Change is what Peyton has consistently lobbied for in regards to hemp, a plant that she believes holds the key to curing many ills.
"If America grows hemp with the very same enthusiasm that we raced to the moon, we would end our economic problems," she said. "We'd end our energy problems."
But varying governmental regulations are obstacles to that goal. Federal law still prohibits cultivation of hemp, though Vermont in 2013 adopted a law authorizing the plant's cultivation and production.
Those who wish to grow hemp have to register with the state Secretary of Agriculture, Food and Markets. Peyton said she has completed that registration; when she came to the Reformer for an interview recently, she carried a hemp plant and touted its many benefits.
"Hemp has enormous capacity to give us a name, to give us a manufacturing base, give us new jobs, give us green jobs," Peyton said. "We could be building with hemp in a way that saves us 50 percent or more of our heating fuels. That's like getting 50 percent more energy for free."
As governor, Peyton would support development of a hemp industry and hemp products.
"It's so good in every manner that it's really negligent of the current administration not to take a minuscule amount from the budget and put it into hemp research and development in the colleges," she said.
Without that investment, she said, "where are we going to get a demand for the crop? Who are going to be the entrepreneurs? Who are going to be the people who create the chocolate ice cream, who create the snow boards, who create the pens? Where are they coming from, and why allow the farmers to grow it without that?"
Peyton took positions on a variety of other topics including:
-- Marijuana:
"I believe we need to be legal to grow," Peyton said. "Its potential as a medical plant is huge to replace our opiate addiction. We should be having research and development on its curative powers.
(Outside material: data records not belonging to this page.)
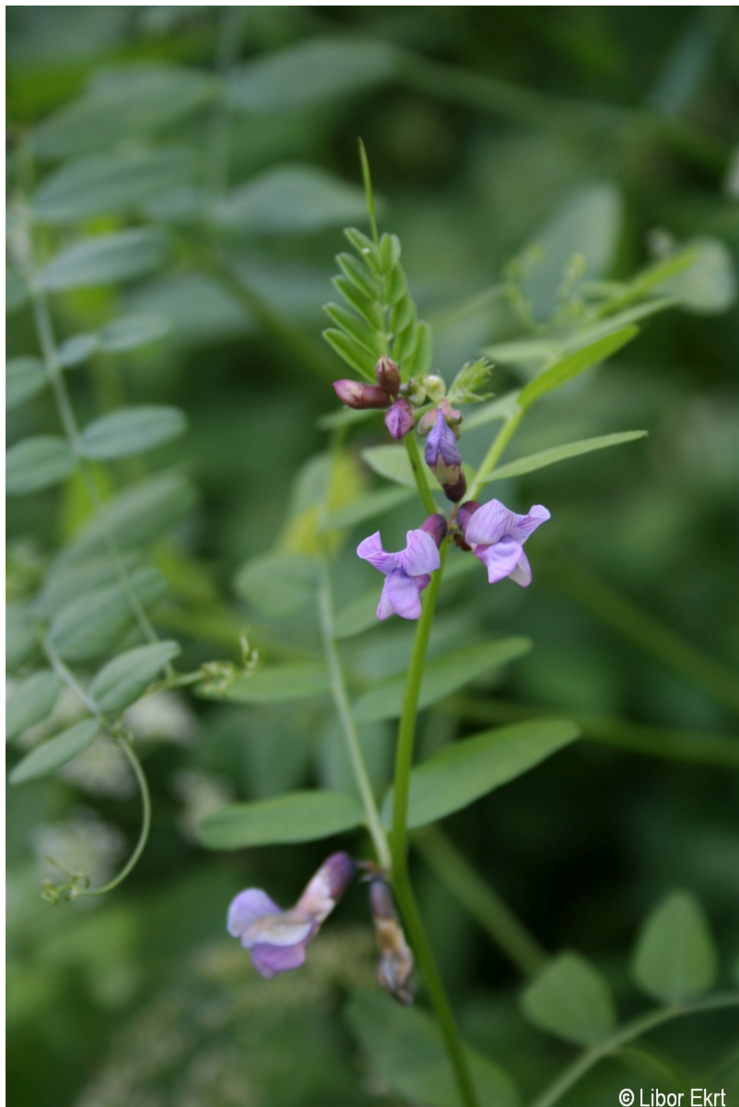
Vicia sepium – Libor Ekrť – Paště.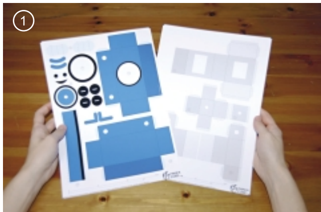
1. Распечатать и разрезать.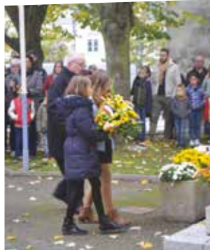
Le Conseil Municipal des Enfants était aux côtés des élus et des Anciens combattants lors de la cérémonie de commémoration de l'armistice.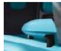
SELLERIE BLEUE RETROVISEURS BLEUS**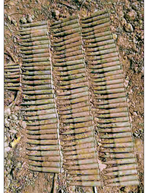
မြေတူးဖော်ရာမှ တွေ့ရှိရသော ကျည်ဆန်များ

သိန်းနီ မေ ၁၃ ရှမ်းပြည်နယ်မြောက်ပိုင်း လားရှိုးခရိုင် သိန်းနီမြို့နယ် ရေပူအမြဲတမ်းစစ်ဆေးရေးစခန်း၌ မေ ၁၁ ရက်က အကောက်ခွန်မှတရားမဝင်တင်သွင်းလာသော တရုတ်နိုင်ငံထုတ်ဟန်းဆက်များ ဖမ်းဆီးရမိခဲ့သည်။ မူဆယ်မှ မန္တလေးသို့မောင်းနှင်လာသော ရွှေလီရတနာခရီးသည်တင်ယာဉ်ပေါ်တွင် Mi Phone ၄၀၀၊ Huawei Phone ၂၃၀၅ လုံးနှင့် Hair mark ၂၈၈၀၊ Power 5 Express ခရီးသည်တင်ယာဉ်ပေါ်တွင် Kenbo Phone ၁၀၇၆ လုံး၊ Abc gold sun Phone အလုံး ၁၇၀၂ လုံး၊ Mi Phone အလုံး ၂၀ တို့အား သိမ်းဆည်းရမိပြီး တန်ဖိုးစိစစ်တွက်ချက်ကာ လားရှိုးမြို့ အကောက်ခွန်ဦးစီးဌာနမှူးရုံးသို့ လွှဲပြောင်းပေးသွားမည်ဖြစ်ကြောင်း သိရသည်။ ချစ်လှ(ပြန်/ဆက်)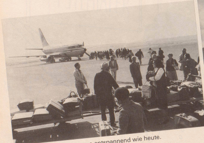
1 Noch nie war Fliegen so entspannend wie heute. Das Vergnügen beginnt bereits am Boden. Im Bild die neue Gepäckabfertigung im Flughafen Kloten.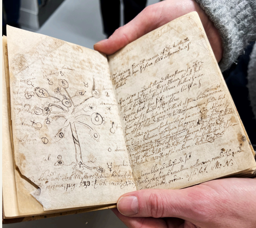
Carl von Linnés Örtabok från 1720-talet.

And as far as people smoking it, I would prefer that they grew what they smoked."
-- Health care:
Peyton wants a more efficient, effective system that includes rewards for healthy habits; she also wants to address "the over-stressors that lead to such extensive care demands."
"It will also include better bargaining power for needed services and opening simple clinics with a minimum of the health-care budget," she said. "It will also include strict (limits) on opiate prescription practices and stricter oversight of all psychiatric-medicating practices."
-- Energy:
"Everywhere that we're using petrochemicals, we are defiling our environment, which means higher health costs," Peyton said. "We are also harming ourselves with the big wind up north."
She favors development of new solar and wind technology.
"In general, we want to encourage each community to be self-sufficient energetically -- each household," Peyton said. "And of course, this means a different sort of distribution of wealth, because dependency on central utilities means wealth for utility owners. And I'm more interested in the wealth and health of the people than centralized utilities."
Peyton added that "what we ought to be doing in order to be a stronger state is to have smaller grids, communitywide grids, that can be fed into by solar."
-- Education:
Peyton wants more school choice and more independence among schools. Adoption of common standards, she said, "is extremely damaging to our future as individuals."
"We need to embrace every unqiueness we can," Peyton said. "Our goal needs to be changed in education. And our one goal is for the joy of learning, the excitement of learning -- that light to be fueled in every child."
The campaign is online at www.emilypeyton.org.